Rule catalog

16 upgrade-safety rules grouped by what they protect. Each has a stable ID that never changes once published; severities and allow flags are tuned conservatively — when in doubt ratchet flags.

Name

Severity

Allow flag

R001

account-field-reorder

Shared account fields were reordered; every existing account now deserializes to garbage because Borsh lays fields out by declaration order.

BREAKING

—

R002

account-field-retype

A shared field's type changed. Any size change shifts every later byte offset; same-size retypes (u64 → i64) are wire-compatible but semantic breaks.

BREAKING

allow-type-change

R003

account-field-removed

A field was removed from an account. Its bytes remain on-chain and get misread as the next field by the new program.

BREAKING

allow-field-removed / --migrated-account

R004

account-field-insert-middle

A new field was inserted before existing fields. Borsh offsets shift, corrupting every existing account.

BREAKING

allow-field-insert / --migrated-account

R005

account-field-append

A new field was appended. Existing accounts lack those bytes; they need reallocation via Anchor's realloc constraint or a migration.

UNSAFE

allow-field-append / --realloc-account / --migrated-account

R006

account-discriminator-change

An account's 8-byte discriminator changed (typically a struct rename). Every existing on-chain account fails AccountDiscriminatorMismatch.

BREAKING

allow-rename

R007

instruction-removed

An instruction was removed. Every existing client calling it gets InstructionFallbackNotFound.

BREAKING

allow-ix-removal

R008

instruction-arg-change

An instruction's argument signature changed (reordered, retyped, added, removed). Existing clients send bytes the program misreads.

BREAKING

allow-ix-arg-change

R009

instruction-account-list-change

An instruction's account list shape changed. Solana dispatches accounts by index; the wrong account now lands at each slot's position.

BREAKING

allow-ix-account-change

R010

instruction-signer-writable-flip

is_signer or is_writable toggled on an existing slot. Tightening (false → true) breaks existing callers; relaxation (true → false) is safe.

MIXED

allow-signer-mut-flip

R011

enum-variant-removed-or-inserted

A Borsh-serialized enum variant was removed or inserted before existing variants, shifting the ordinal of every later variant.

BREAKING

—

R012

enum-variant-append

A new variant was appended at the tail. Ordinals of existing variants are preserved — safe; reported for visibility only.

ADDITIVE

—

R013

pda-seed-change

A PDA's seed expression changed.

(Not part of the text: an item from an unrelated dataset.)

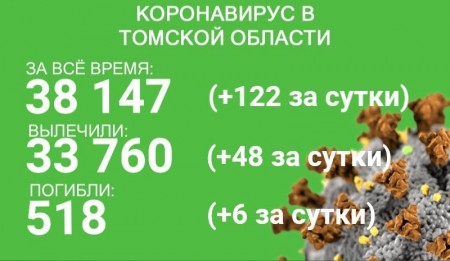 В Томской области за сутки с 7 по 8 августа коронавирус зарегистрирован у 122 человек. Всего в регионе выявлено 38 147 случаев новой коронавирусной инфекции. В минувшие сутки выздоровели 48 пациентов. За время эпидемии излечились 33 760 человек.

Every existing account at the old address is orphaned; no client can re-derive it with the new formula.

BREAKING

allow-pda-shape-change (presence flip only)

R014

instruction-discriminator-change

An instruction's discriminator changed (handler rename, explicit override). Existing callers dispatch into the wrong handler.

BREAKING

allow-ix-rename

R015

account-removed

An account struct disappeared entirely. Every existing on-chain account of that type is unreachable through the new program.

BREAKING

allow-account-removal

R016

event-discriminator-change

An event's 8-byte log selector changed. Every off-chain indexer filtering for the old value goes silent on the next emit.

BREAKING

allow-event-rename

Pass an allow flag with --unsafe <flag> (e.g. --unsafe allow-rename).

--migrated-account <Name> demotes R003, R004, and R005 for that account — use when a Migration<From, To> or custom migration instruction exists.

--realloc-account <Name> demotes R005. Auto-populated from source when --new-source is provided and the field carries #[account(realloc = ...)].